Retype the listing below line for line, but only from the line with "除此之外,我们对【征服者】以" down to the line with "Stay calm for", inclusive. Pictures stay out.

= = = =

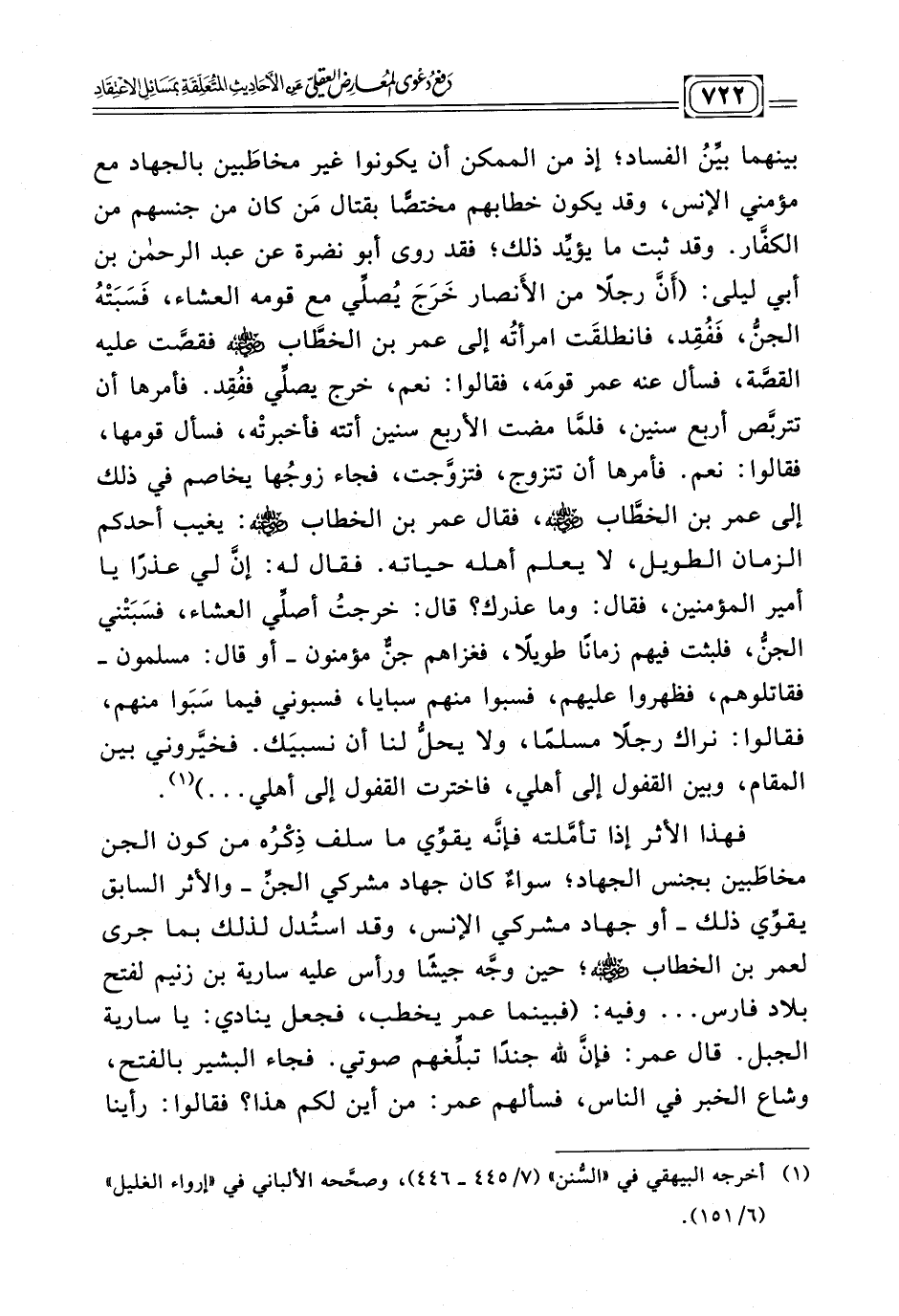 فهذا الأثر إذا تأمّلته فإنّه يقوّي ما سلف ذِكْرُه من كون الجن مخاطَبين بجنس الجهاد؛ سواءً كان جهاد مشركي الجنّ - والأثر السابق يقوّي ذلك - أو جهاد مشركي الإنس، وقد استُدل لذلك بما جرى لعمر بن الخطاب - رضي الله عنه -؛ حين وجّه جيشًا ورأس عليه سارية بن زنيم لفتح بلاد فارس ... وفيه: (فبينما عمر يخطب، فجعل ينادي: يا سارية الجبل. قال عمر: فإنّ لله جندًا تبلّغهم صوتي. فجاء البشير بالفتح، وشاع الخبر في الناس، فسألهم عمر: من أين لكم هذا؟ فقالوا: رأينا
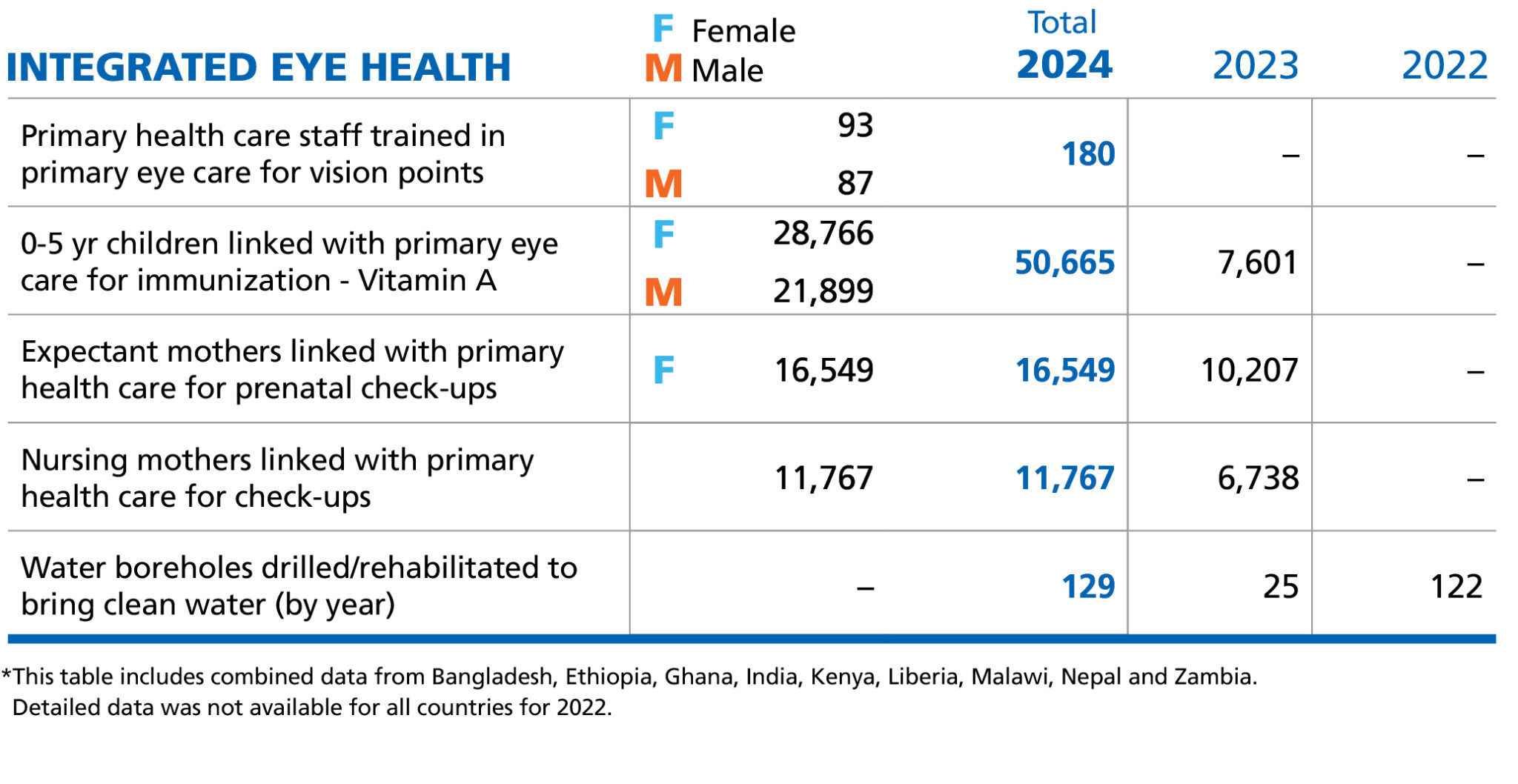 In some regions in Africa, we also bring fresh water and hygiene education to communities, to help prevent the spread of trachoma, a blinding eye disease.
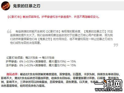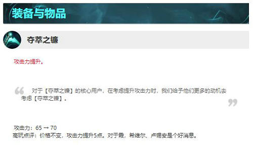 除此之外,我们对【征服者】以及【鬼索的狂暴之刃】做出了一些调整,其原因是它们表现得过于强力,使得核心使用者必须选择它们。
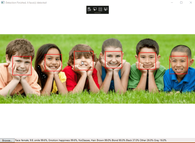 Stay calm for some seconds. The cloud API wants to respond to our images to detect the Faces using red boxes around the faces in the image. Mooving the cursor over the face rectangle, the description for that image shows up in the status bar.
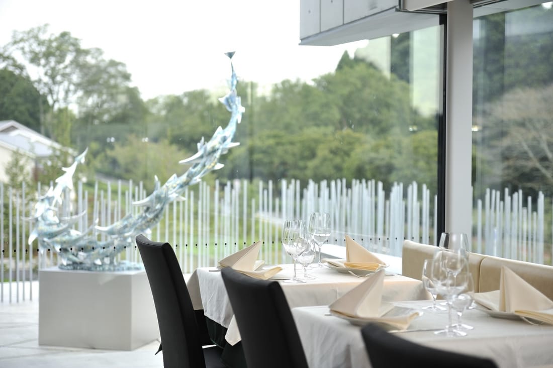 After visiting each of the eight galleries, you can dine at Hanau, the highly regarded Italian restaurant located within the museum. There is a lunch course meal for ¥2,800 that comes with an appetizer platter, a choice of a main pasta dish, a dessert and coffee or tea. The restaurant’s large panoramic window faces the Forest of Showa park. The menu changes frequently, but expect to taste a wide variety of seasonally fresh foods. My appetizers included basil and spinach couscous, toasted corn mousse, seasonal vegetables, and marinated shrimp. The main dish was a rich pork and eggplant tagliatelle, and the dessert was cherry ice cream with pistachio tiramisu. Staff here are friendly and professional, and the food is presented artfully.
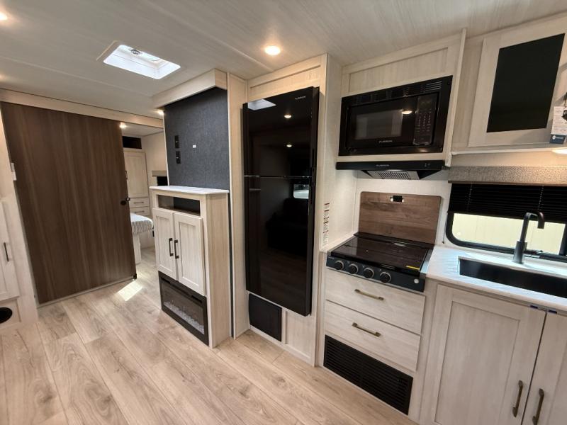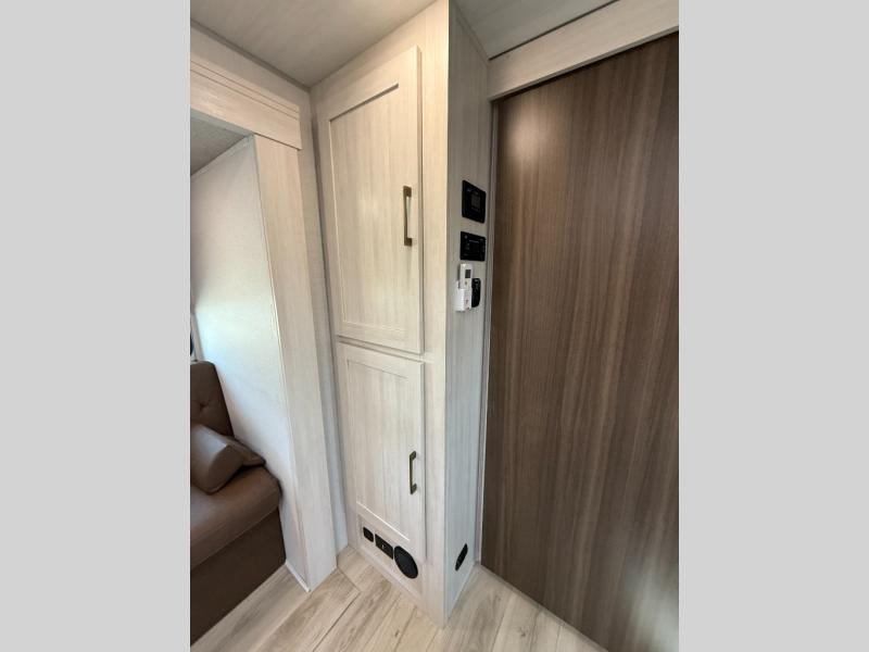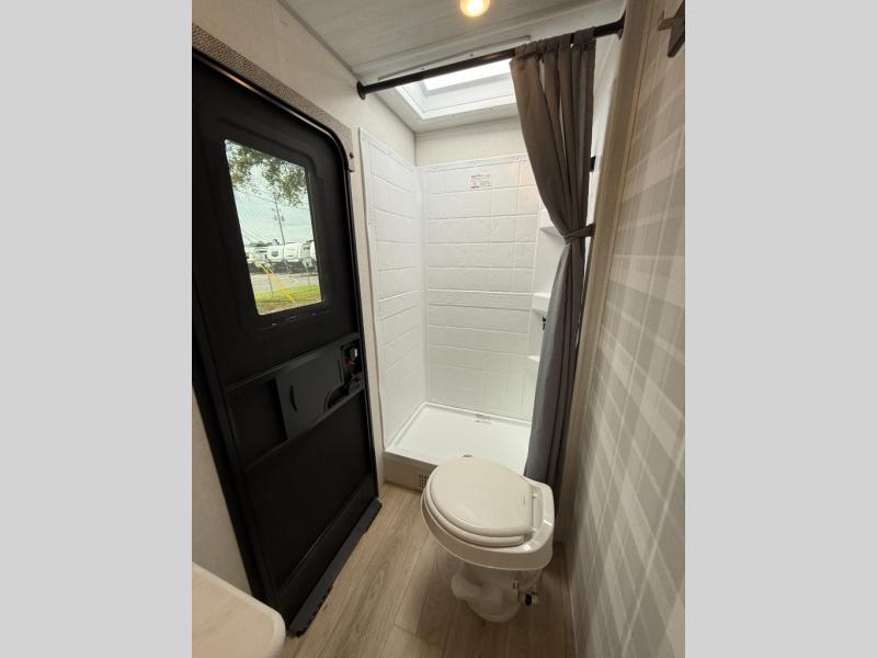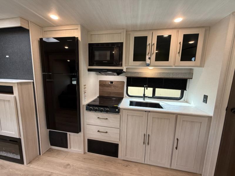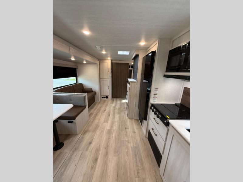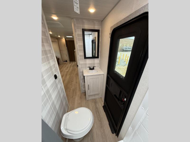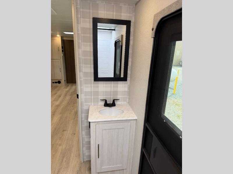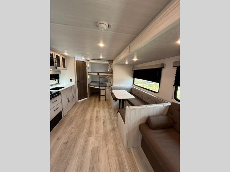 Head to your favorite camping spot with your favorite people in this spacious, dual entry travel trailer! The large slide out houses the U-shaped dinette and sofa where you can relax in the evenings and even let guests sleep over who haven't claimed the double-size bunks. A full bath with its own exterior entry door is convenient for all, and the full kitchen lets you whip up your best meals in the microwave with an air fryer. There is also a walk-in pantry with washer and dryer prep, which gives you the option to add those appliances. When it's time to call it a night, the front private bedroom with a queen bed will provide you with your own space to retreat to, and there are dual bedside wardrobes to keep your clothes organized.
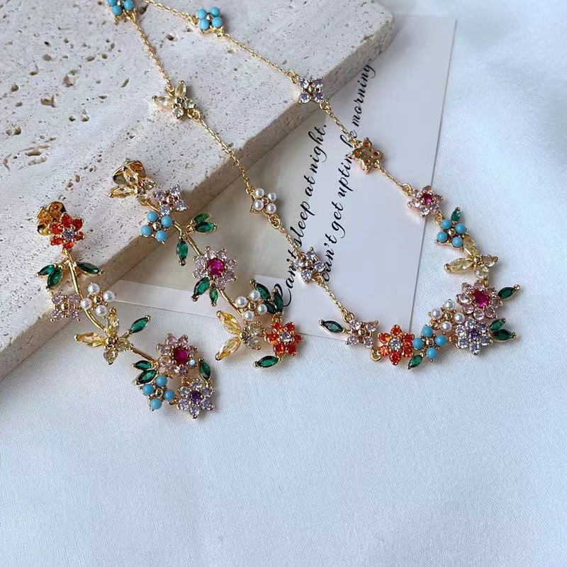 レトロで軽い豪華な色の花の蝶の真珠のジルコンのネックレスの小さい大衆の気質の高級感の個性は鎖の鎖に似合います。
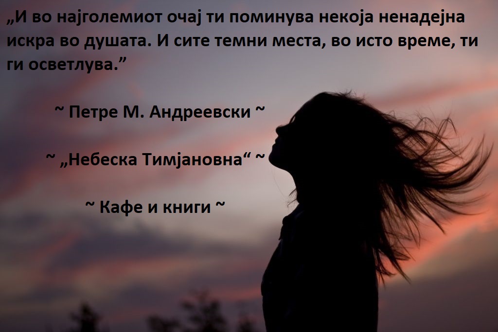 Романот ме воодушеви и длабоко ме погоди и трогна, на повеќе нивоа и од повеќе причини. Затоа, денес, кога одбележуваме годишнина од смртта на Петре М. Андреевски, во продолжение можете да прочитате неколку прекрасни мисли од романот. Ги има несомнено многу и се надевам дека во следниот период ќе ја надополнам оваа објава, но и овие се доволни за останат запомнети, за да бидат споделувани и за да го испочитуваат споменот на Петре!
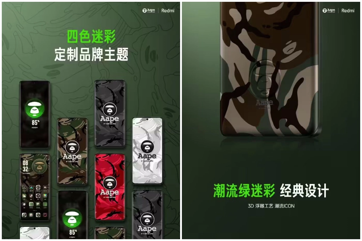 Одновременно с выходом базовой версии Redmi Note13 Pro+ бренд представил еще и лимитированное специальное издание, которое разрабатывалось совместно с производителем одежды AAPE. Дизайн цвета хаки с камуфляжными вставками, тематическими обоями, стилизованной коробкой и аксессуарами в комплекте. На тыльной стороне смартфона есть тиснение с названием бренда AAPE.
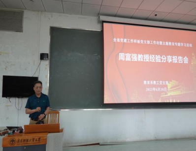 2023年6月30日上午,由公司工会、教育系教工党支部联合组织的全省党建工作样板党支部工作坊暨主题教育专题学习活动——周富强教授经验分享报告会在教学楼G207教室举行。公司原党委委员、经理董金伟教授,工会主席、副经理张倩副教授,工会副主席、办公室主任张文萃,党委委员、教育系主任刘之远、工会秘书吴世傲、第四教学部教师江玉和员工代表周岸出席报告会。报告开始前,公司工会副主席张文萃代表公司工会,向光荣退休的周教授献花并送上祝福。
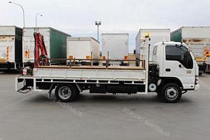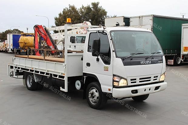 2005 Isuzu NPR 400 Tray with Crane. Body Measures 4.57m (L) x 300mm (H) x 2.4m (W). Fitted with FASSI Micro 30 Crane with 995kg Lifting Capacity at 1.5m and 635kg at 4.7m, Drop Down Sides, Tow Bar, Electric Trailer Brakes, Amber Beacon Lights, LED Lightbar as Worklight, Air Conditioning, Stereo, Power Windows, 6 Speed Manual Transmission, 150HP Isuzu Turbo Diesel Engine, Travelled Only 108,412kms!!

= = = =

(Result for this exercise):
 除此之外,我们对【征服者】以及【鬼索的狂暴之刃】做出了一些调整,其原因是它们表现得过于强力,使得核心使用者必须选择它们。
 Stay calm for some seconds. The cloud API wants to respond to our images to detect the Faces using red boxes around the faces in the image. Mooving the cursor over the face rectangle, the description for that image shows up in the status bar.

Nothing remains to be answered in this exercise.